We spoke with Roos recently to talk about her spiritual approach to business, her history with Extra Space and the deeper meaning of self-storage.

Larendee 3

Did you always have a spiritual side?

Roos: From a very young age, I’ve had a lot of different, what you might call mystical experiences. I always thought that everyone had the same experiences; I didn’t realize that some of us do and some of us don’t. But we all have the same opportunity for that deep spiritual connection; it’s just a matter of when we’re ready to surrender to that process.

Was it something you shared with your Extra Space mentor Ken Woolley?

Roos: Ken taught me everything I know about business, but he also helped keep me really grounded from the spiritual perspective because that’s who he is. He’s not only a great humanitarian and very solidly grounded, but also has such tenderness toward spiritual things.

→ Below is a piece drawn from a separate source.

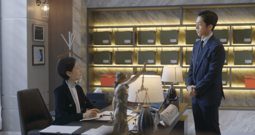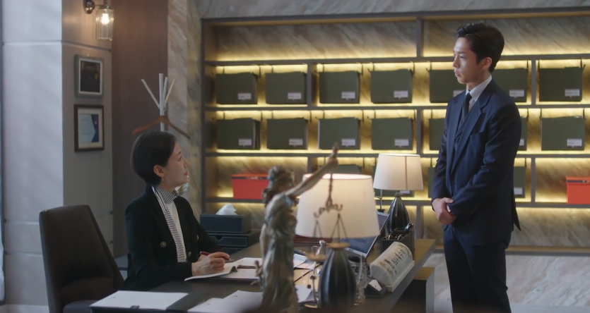 Young-woo and Attorney Jung meet with Mrs. Sung to discuss a potential divorce with her husband. Would she able to get some money from the lottery prize if they were to divorce? Young-woo once again mentions about having any hard evidence, but Mrs. Sung hasn’t been able to gather anything as Mr. Shin has already caught on to her actions. Since Young-woo and Attorney Jung represented Mr. Shin already, they share that they won’t be able to help Mrs. Sung with her lawsuit. But they’re happy to refer her to another attorney who specializes in divorce cases. Attorney Jung also adds that the chances of Mrs. Sung winning her case legally might be low.

What spiritual insights did you uncover in storage?

Roos: In the physical world, we hold onto form and we attach to that in some way because it means something to us on a deeper level that we’re not even really sure of. Why does someone hold onto family treasures or heirlooms that, realistically, if you took the six months of rent you paid to store them, you could easily replace them with brand new models? Because there is something that connects you with a deeper relationship when you look at that object. We used to say “One man’s trash is another man’s treasure,” but it’s all treasure on one level or another; it all about what we assign value to.

Did you ever have a mystical experience involving storage?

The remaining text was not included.